=== PROVIDED DATA ===
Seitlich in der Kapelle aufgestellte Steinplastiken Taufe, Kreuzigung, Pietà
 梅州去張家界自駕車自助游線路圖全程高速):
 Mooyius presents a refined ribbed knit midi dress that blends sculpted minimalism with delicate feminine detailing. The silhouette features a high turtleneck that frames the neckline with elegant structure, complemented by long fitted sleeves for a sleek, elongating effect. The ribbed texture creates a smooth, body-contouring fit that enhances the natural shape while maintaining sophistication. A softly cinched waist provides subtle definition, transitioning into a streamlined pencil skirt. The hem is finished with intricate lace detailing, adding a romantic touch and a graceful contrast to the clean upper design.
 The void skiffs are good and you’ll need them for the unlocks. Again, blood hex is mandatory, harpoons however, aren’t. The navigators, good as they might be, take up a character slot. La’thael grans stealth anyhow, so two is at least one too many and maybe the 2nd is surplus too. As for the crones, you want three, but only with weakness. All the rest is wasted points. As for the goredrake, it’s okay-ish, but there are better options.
===
=== PROVIDED DATA ===
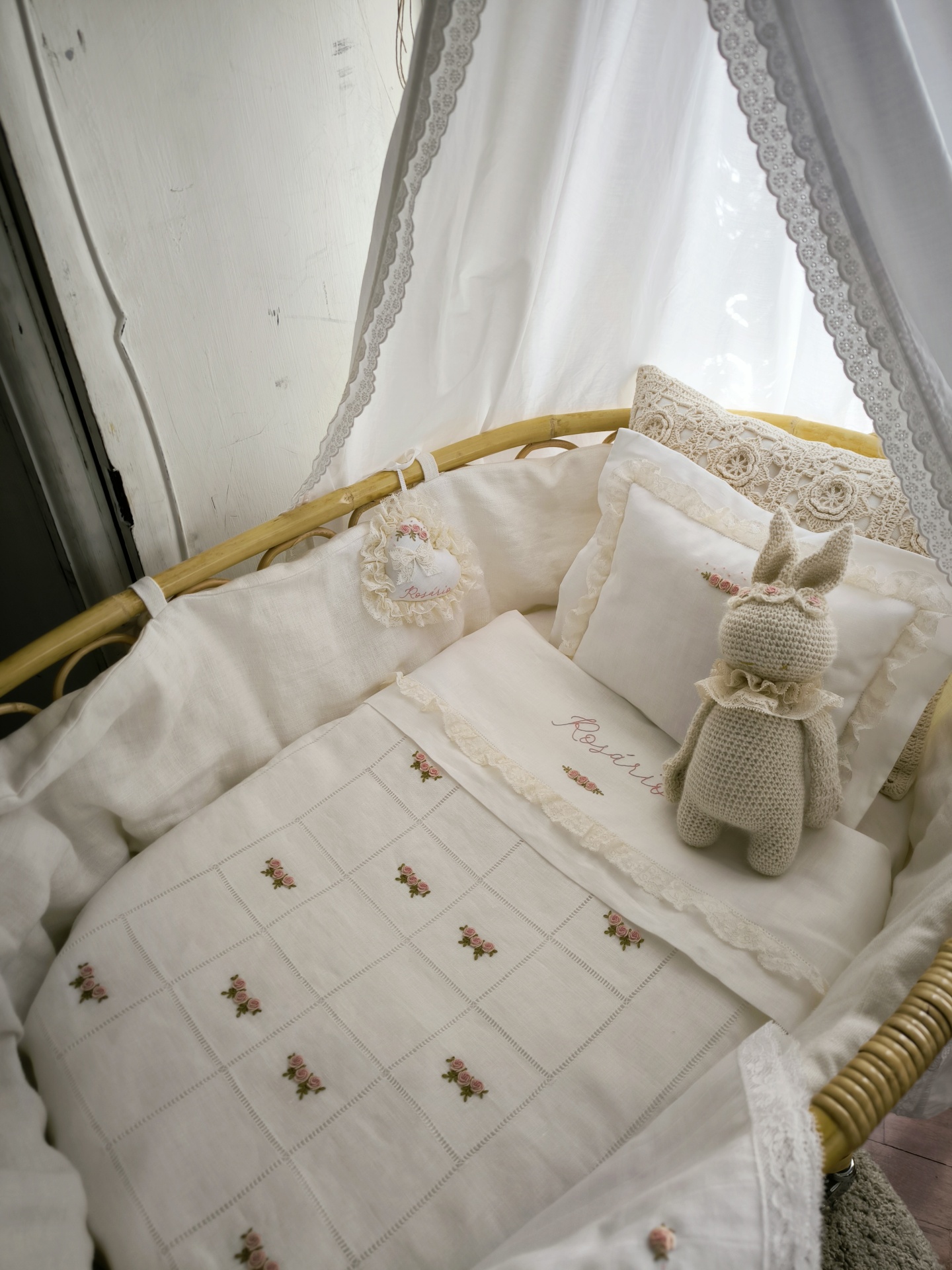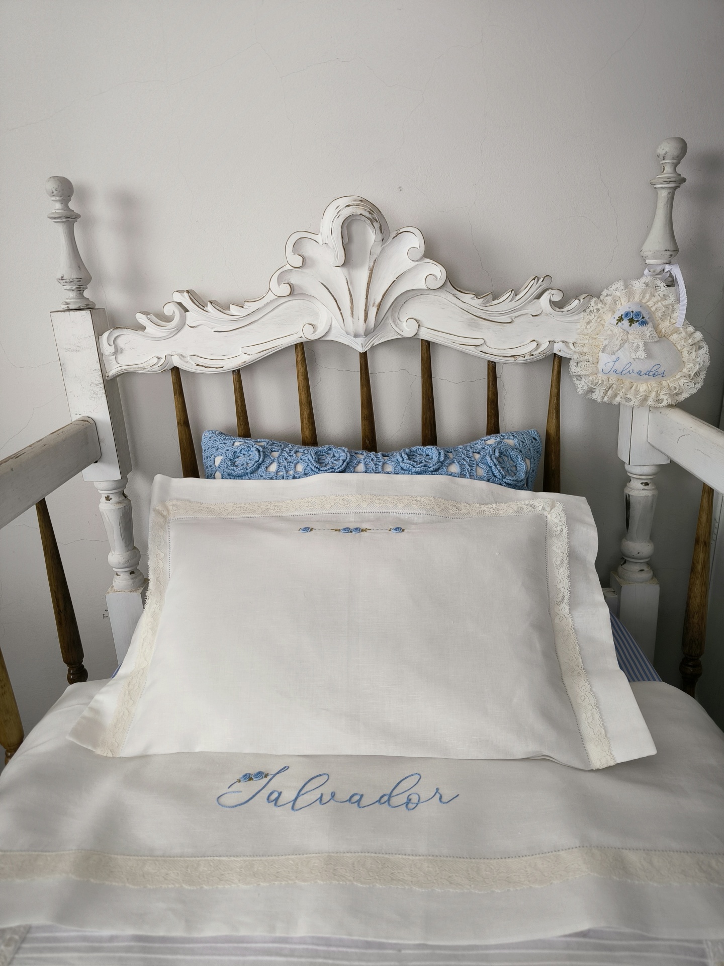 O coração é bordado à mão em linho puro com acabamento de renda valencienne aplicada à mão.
===
- ASSIGNMENT
Print exactly the lines above, between the one holding "Seitlich in der" and the one holding "Mooyius presents a", inclusive, and nothing besides.

- SOLUTION
Seitlich in der Kapelle aufgestellte Steinplastiken Taufe, Kreuzigung, Pietà
 梅州去張家界自駕車自助游線路圖全程高速):
 Mooyius presents a refined ribbed knit midi dress that blends sculpted minimalism with delicate feminine detailing. The silhouette features a high turtleneck that frames the neckline with elegant structure, complemented by long fitted sleeves for a sleek, elongating effect. The ribbed texture creates a smooth, body-contouring fit that enhances the natural shape while maintaining sophistication. A softly cinched waist provides subtle definition, transitioning into a streamlined pencil skirt. The hem is finished with intricate lace detailing, adding a romantic touch and a graceful contrast to the clean upper design.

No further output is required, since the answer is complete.